Action item:
Strip the pictures, then copy the remaining data exactly as it stands.

Data provided:
^^^^

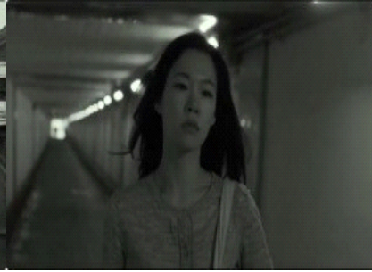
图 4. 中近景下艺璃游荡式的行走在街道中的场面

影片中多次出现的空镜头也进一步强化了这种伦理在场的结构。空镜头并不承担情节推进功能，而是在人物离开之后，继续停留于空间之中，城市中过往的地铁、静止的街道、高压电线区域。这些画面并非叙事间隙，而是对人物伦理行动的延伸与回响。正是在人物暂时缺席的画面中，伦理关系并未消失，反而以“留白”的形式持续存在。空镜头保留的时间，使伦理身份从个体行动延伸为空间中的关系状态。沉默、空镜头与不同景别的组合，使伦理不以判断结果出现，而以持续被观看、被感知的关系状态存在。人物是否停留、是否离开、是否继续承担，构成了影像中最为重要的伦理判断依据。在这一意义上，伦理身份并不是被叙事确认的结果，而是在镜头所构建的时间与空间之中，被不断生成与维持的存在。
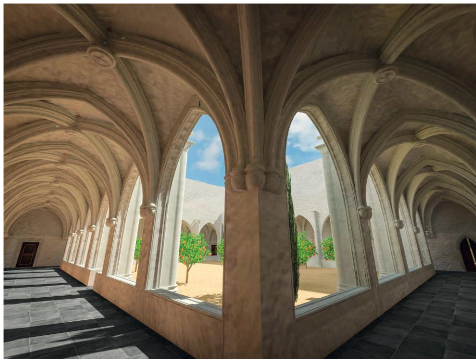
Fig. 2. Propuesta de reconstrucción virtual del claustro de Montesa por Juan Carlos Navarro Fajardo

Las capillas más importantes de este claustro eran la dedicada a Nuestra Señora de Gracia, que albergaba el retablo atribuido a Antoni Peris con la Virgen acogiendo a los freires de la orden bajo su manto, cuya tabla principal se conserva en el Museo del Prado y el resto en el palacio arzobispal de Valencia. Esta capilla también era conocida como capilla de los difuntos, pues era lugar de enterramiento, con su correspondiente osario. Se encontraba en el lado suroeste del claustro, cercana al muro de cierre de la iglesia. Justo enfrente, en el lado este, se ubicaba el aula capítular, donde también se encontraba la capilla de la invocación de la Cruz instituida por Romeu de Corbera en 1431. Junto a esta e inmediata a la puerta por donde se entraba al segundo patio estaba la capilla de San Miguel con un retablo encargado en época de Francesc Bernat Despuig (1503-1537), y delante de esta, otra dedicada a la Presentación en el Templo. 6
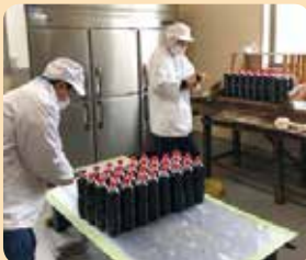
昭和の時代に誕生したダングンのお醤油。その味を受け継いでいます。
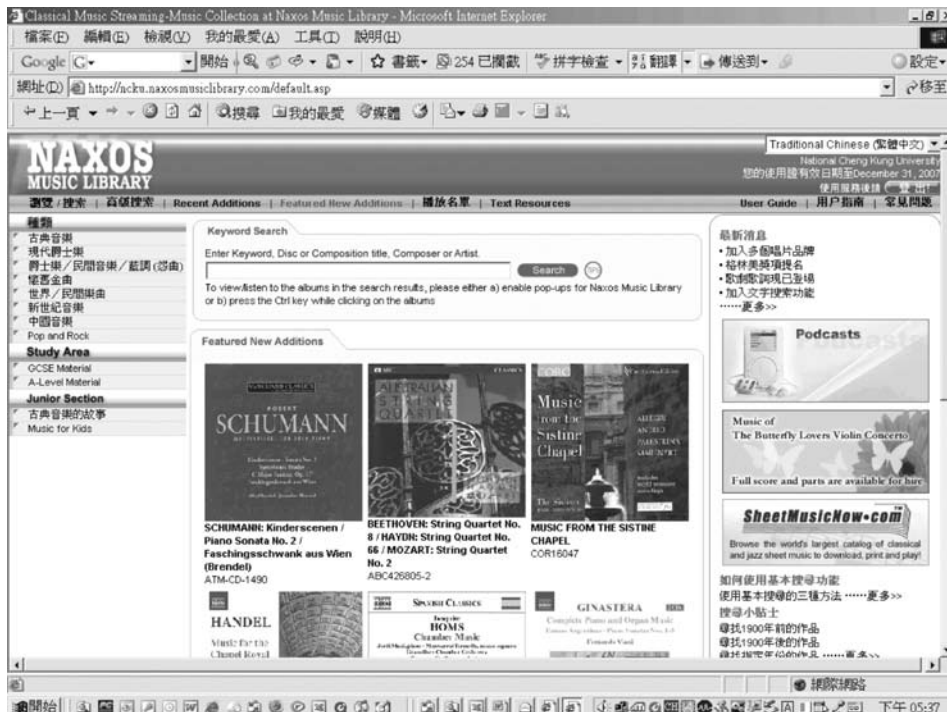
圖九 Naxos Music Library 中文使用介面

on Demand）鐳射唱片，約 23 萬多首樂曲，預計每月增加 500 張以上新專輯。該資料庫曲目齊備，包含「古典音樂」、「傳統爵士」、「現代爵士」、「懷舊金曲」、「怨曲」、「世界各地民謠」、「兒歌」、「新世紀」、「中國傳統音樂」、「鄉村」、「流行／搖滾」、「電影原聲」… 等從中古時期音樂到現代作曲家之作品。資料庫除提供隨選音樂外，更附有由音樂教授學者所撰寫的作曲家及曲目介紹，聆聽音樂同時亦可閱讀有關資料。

^^^^

Expected answer:
图 4. 中近景下艺璃游荡式的行走在街道中的场面

影片中多次出现的空镜头也进一步强化了这种伦理在场的结构。空镜头并不承担情节推进功能，而是在人物离开之后，继续停留于空间之中，城市中过往的地铁、静止的街道、高压电线区域。这些画面并非叙事间隙，而是对人物伦理行动的延伸与回响。正是在人物暂时缺席的画面中，伦理关系并未消失，反而以“留白”的形式持续存在。空镜头保留的时间，使伦理身份从个体行动延伸为空间中的关系状态。沉默、空镜头与不同景别的组合，使伦理不以判断结果出现，而以持续被观看、被感知的关系状态存在。人物是否停留、是否离开、是否继续承担，构成了影像中最为重要的伦理判断依据。在这一意义上，伦理身份并不是被叙事确认的结果，而是在镜头所构建的时间与空间之中，被不断生成与维持的存在。
Fig. 2. Propuesta de reconstrucción virtual del claustro de Montesa por Juan Carlos Navarro Fajardo

Las capillas más importantes de este claustro eran la dedicada a Nuestra Señora de Gracia, que albergaba el retablo atribuido a Antoni Peris con la Virgen acogiendo a los freires de la orden bajo su manto, cuya tabla principal se conserva en el Museo del Prado y el resto en el palacio arzobispal de Valencia. Esta capilla también era conocida como capilla de los difuntos, pues era lugar de enterramiento, con su correspondiente osario. Se encontraba en el lado suroeste del claustro, cercana al muro de cierre de la iglesia. Justo enfrente, en el lado este, se ubicaba el aula capítular, donde también se encontraba la capilla de la invocación de la Cruz instituida por Romeu de Corbera en 1431. Junto a esta e inmediata a la puerta por donde se entraba al segundo patio estaba la capilla de San Miguel con un retablo encargado en época de Francesc Bernat Despuig (1503-1537), y delante de esta, otra dedicada a la Presentación en el Templo. 6
昭和の時代に誕生したダングンのお醤油。その味を受け継いでいます。
圖九 Naxos Music Library 中文使用介面

on Demand）鐳射唱片，約 23 萬多首樂曲，預計每月增加 500 張以上新專輯。該資料庫曲目齊備，包含「古典音樂」、「傳統爵士」、「現代爵士」、「懷舊金曲」、「怨曲」、「世界各地民謠」、「兒歌」、「新世紀」、「中國傳統音樂」、「鄉村」、「流行／搖滾」、「電影原聲」… 等從中古時期音樂到現代作曲家之作品。資料庫除提供隨選音樂外，更附有由音樂教授學者所撰寫的作曲家及曲目介紹，聆聽音樂同時亦可閱讀有關資料。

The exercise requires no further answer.